BEGIN DATA FOR PROCESSING

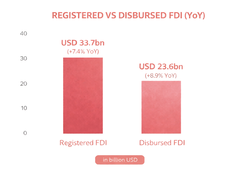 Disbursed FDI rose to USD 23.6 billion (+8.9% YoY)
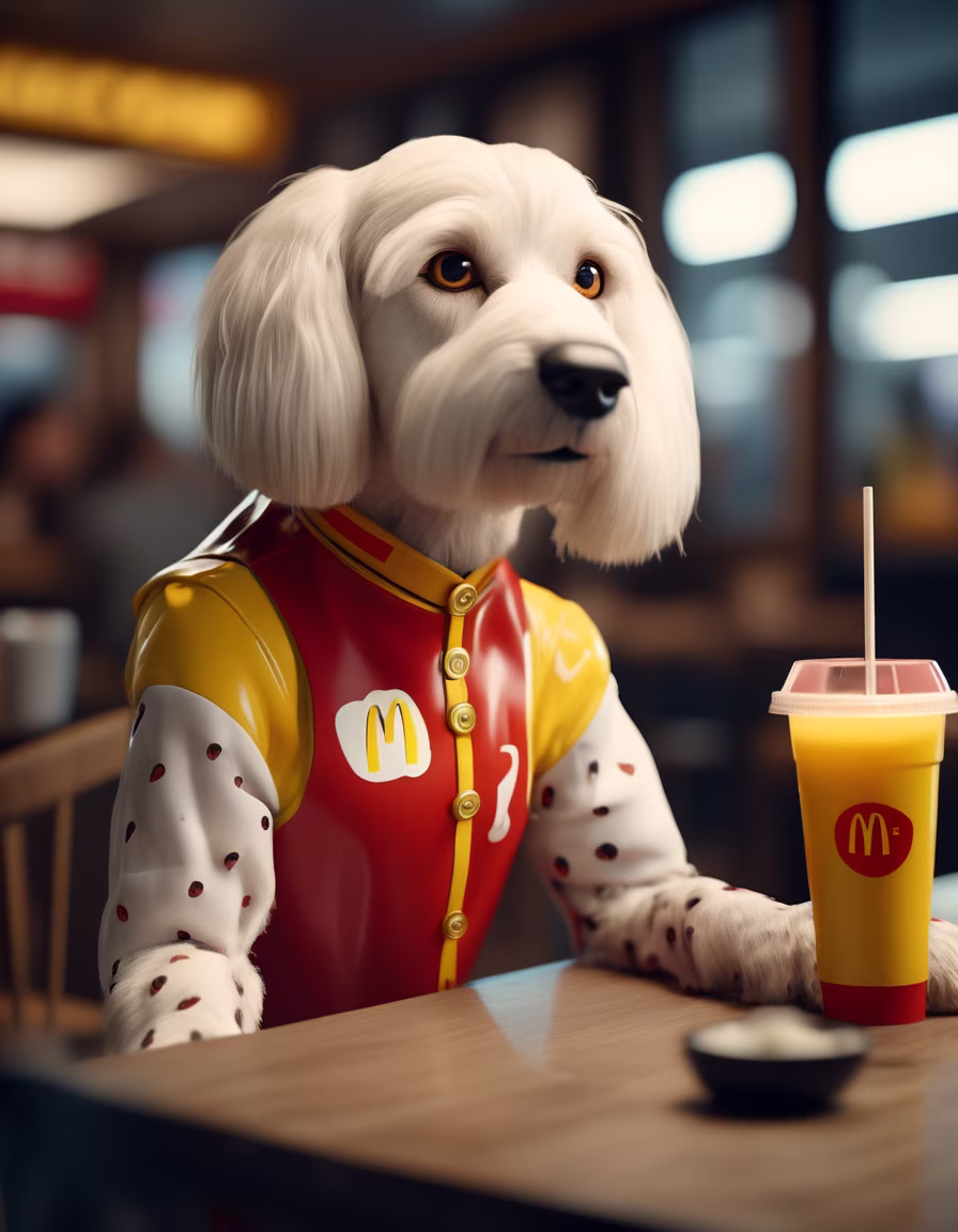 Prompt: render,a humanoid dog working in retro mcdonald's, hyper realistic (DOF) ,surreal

END DATA FOR PROCESSING
BEGIN DATA FOR PROCESSING

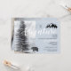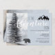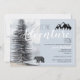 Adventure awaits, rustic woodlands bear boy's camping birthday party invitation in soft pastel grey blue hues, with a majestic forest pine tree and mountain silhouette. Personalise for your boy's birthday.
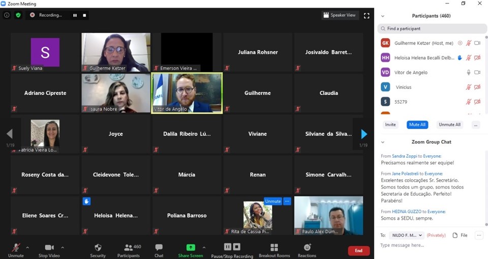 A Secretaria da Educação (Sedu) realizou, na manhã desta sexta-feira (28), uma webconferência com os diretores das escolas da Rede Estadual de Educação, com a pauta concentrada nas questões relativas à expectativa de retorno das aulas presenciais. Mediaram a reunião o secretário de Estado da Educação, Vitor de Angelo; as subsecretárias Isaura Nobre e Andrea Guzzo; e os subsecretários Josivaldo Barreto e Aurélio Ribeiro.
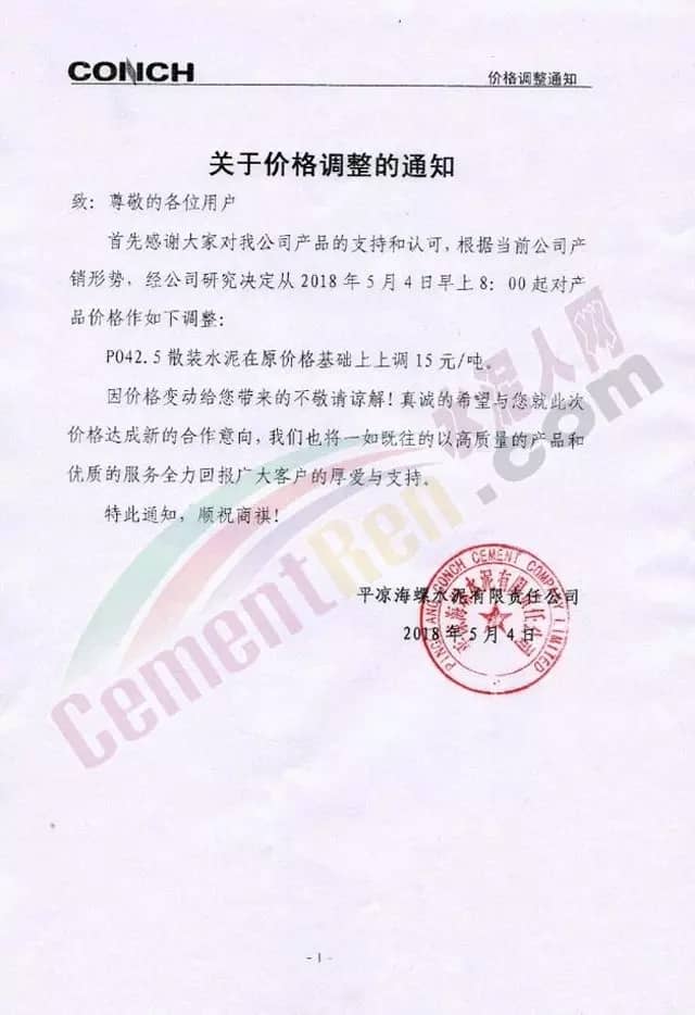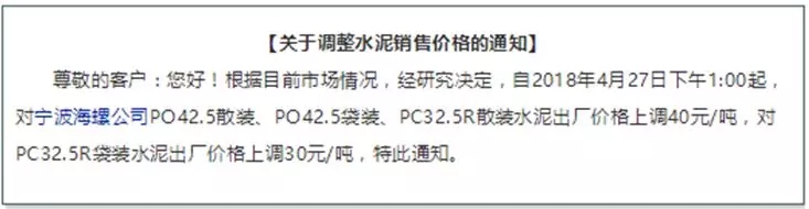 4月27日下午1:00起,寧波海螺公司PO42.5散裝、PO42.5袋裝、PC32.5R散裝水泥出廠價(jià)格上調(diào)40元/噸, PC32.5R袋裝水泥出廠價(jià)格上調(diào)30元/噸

END DATA FOR PROCESSING
BEGIN DATA FOR PROCESSING

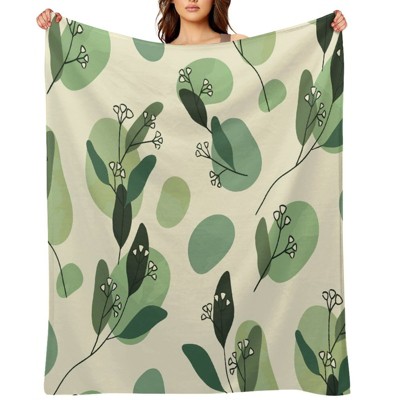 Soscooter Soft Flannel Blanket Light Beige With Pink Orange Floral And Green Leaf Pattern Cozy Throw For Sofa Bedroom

END DATA FOR PROCESSING

[EXERCISE]:
Pictures do not belong in the answer. Return the lines above starting at the one with "A Secretaria da" and ending at the one with "4月27日下午1:00起,寧", both kept, exactly.

[SOLUTION FOR THIS PROBLEM]:
 A Secretaria da Educação (Sedu) realizou, na manhã desta sexta-feira (28), uma webconferência com os diretores das escolas da Rede Estadual de Educação, com a pauta concentrada nas questões relativas à expectativa de retorno das aulas presenciais. Mediaram a reunião o secretário de Estado da Educação, Vitor de Angelo; as subsecretárias Isaura Nobre e Andrea Guzzo; e os subsecretários Josivaldo Barreto e Aurélio Ribeiro.
 4月27日下午1:00起,寧波海螺公司PO42.5散裝、PO42.5袋裝、PC32.5R散裝水泥出廠價(jià)格上調(diào)40元/噸, PC32.5R袋裝水泥出廠價(jià)格上調(diào)30元/噸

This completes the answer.